Che cosa ha detto e che cosa non ha detto il presidente della Corte costituzionale, Augusto Barbera, al quotidiano Repubblica. I Graffi di Damato

Onore ad Augusto Barbera, presidente purtroppo di turno della Corte Costituzionale: purtroppo, perché il turno è ormai diventato per consolidata abitudine troppo breve per non ridursi spesso ad un passaggio fuggevole. I presidenti emeriti, cioè gli ex, aumentano a discapito di quelli effettivi.

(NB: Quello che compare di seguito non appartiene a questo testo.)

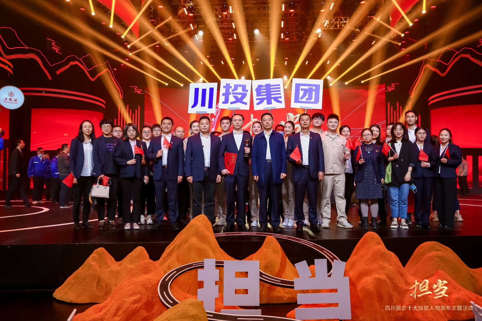 觀眾席上,28名川投能源員工手握國旗,整齊劃一地排座成一個(gè)醒目的企業(yè)方陣,在發(fā)布會(huì)場上,在脫貧攻堅(jiān)的主戰(zhàn)場上,更在鄉(xiāng)村振興的新戰(zhàn)場上,高揚(yáng)企業(yè)大旗、彰顯國企擔(dān)當(dāng)。活動(dòng)結(jié)束后,川投集團(tuán)黨委副書記、董事鄧凱、黨群工作部部長張碧波同川投能源演職人員合影留念。

Ma Barbera, vecchio professore universitario, politico di sinistra passato per tutte le edizioni del Pci, arrivato alla Corte Costituzionale nel 2015 fra i cinque giudici di elezione parlamentare, sui 15 complessivi del collegio, si merita tutti gli elogi possibili per come ha saputo e voluto appena rispondere ad un’intervista di Repubblica che poteva sembrare, francamente, un agguato.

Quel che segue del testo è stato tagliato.